This repository provides a script for training and personalizing speech enhancement (PSE) models to test-time environments. The original PSE framework was introduced in [1].
- LibriSpeech (https://www.openslr.org/12)
- MUSAN (https://www.openslr.org/17/)
- WHAM! (https://drive.google.com/file/d/1PEDhL0gKFfe70cwo6fm33x8XGVMxgfS3/view?usp=sharing) (Link to original work: https://wham.whisper.ai/)
Download the datasets into a location (e.g., data/). LibriSpeech and MUSAN can be downloaded in the provided link above. WHAM! corpus can also be downloaded in the provided original link, but the files for this project were organized manually with respect to each recorded location according to the provided metadata. Please download the formatted WHAM! corpus through the google drive link.
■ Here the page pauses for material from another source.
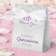 Elegant, classic, glamorous and girly for a Quinceañera, 15th birthday party favors. A faux silver looking background. With the text: Quinceañera and Thank You written with a modern purple colored hand lettered style script. Decorated with faux silver and purple glitter drips, paint dripping look. Personalize and add a name and a date.

Pre-training speech enhanacement models can be done by running the pretraining_generalist.py
script. For example,
python pretrain_generalist.py --device 0 --learning_rate 1e-4 -r 2 -g 32 --data_dir data/ --save_dir pretrained_models/ --is_save
to train a 2x32
model on GPU card 0
using 1e-4
learning rate. The models are saved to ---save_dir
value, which is pretrained_models/
by default.
Once the models have been prepared through pretraining, personalization can be done through the pse_kd.py
script. For example, if the pretraining files have been saved to new_models_results/Gs/
(the value --save_dir
was set to during pretraining):
python pse_kd.py --device 7 -student_num_layers 2 -student_hidden_size 32 -teacher_num_layers 3 -teacher_hidden_size 1024 -l 5e-4 --sisdr_loss --snr_ranges 0 --student_dir new_models_results/Gs/expr04221825_SE_G2x32_lr1e-04_bs100_ctnFalsesm-1_nfrms16000_GPU6/Dmodel_best.pt --teacher_dir new_models_results/Gs/expr04221825_SE_G3x1024_lr1e-04_bs100_ctnFalsesm-1_nfrms16000_GPU3/Dmodel_best.pt --data_dir ~/data/ --is_save
to load a pretrained 2x32
student model and pretrained 3x1024
teacher model. In the above example, learning rate of 5e-4
, SISDRi [2] as the loss function, and mixing SNR is set to 0dB. At the end of the script, the results will appear as:
INFO:root:Epoch 199 Training. Student: 6.74 | Orig: 3.52 | Teacher: 7.14 | Loss: -11.36
INFO:root:Epoch 199 Validation. Student: 7.08 | Orig: 4.58 | Teacher: 7.89 | Loss: -11.50
INFO:root:Epoch 199 Testing. Student: 7.34 | Orig: 4.51 | Teacher: 8.61 | Loss: -11.88
showing the performance of the personalized student, baseline pretrained student (not updated), and teacher model in terms of SI-SDRi.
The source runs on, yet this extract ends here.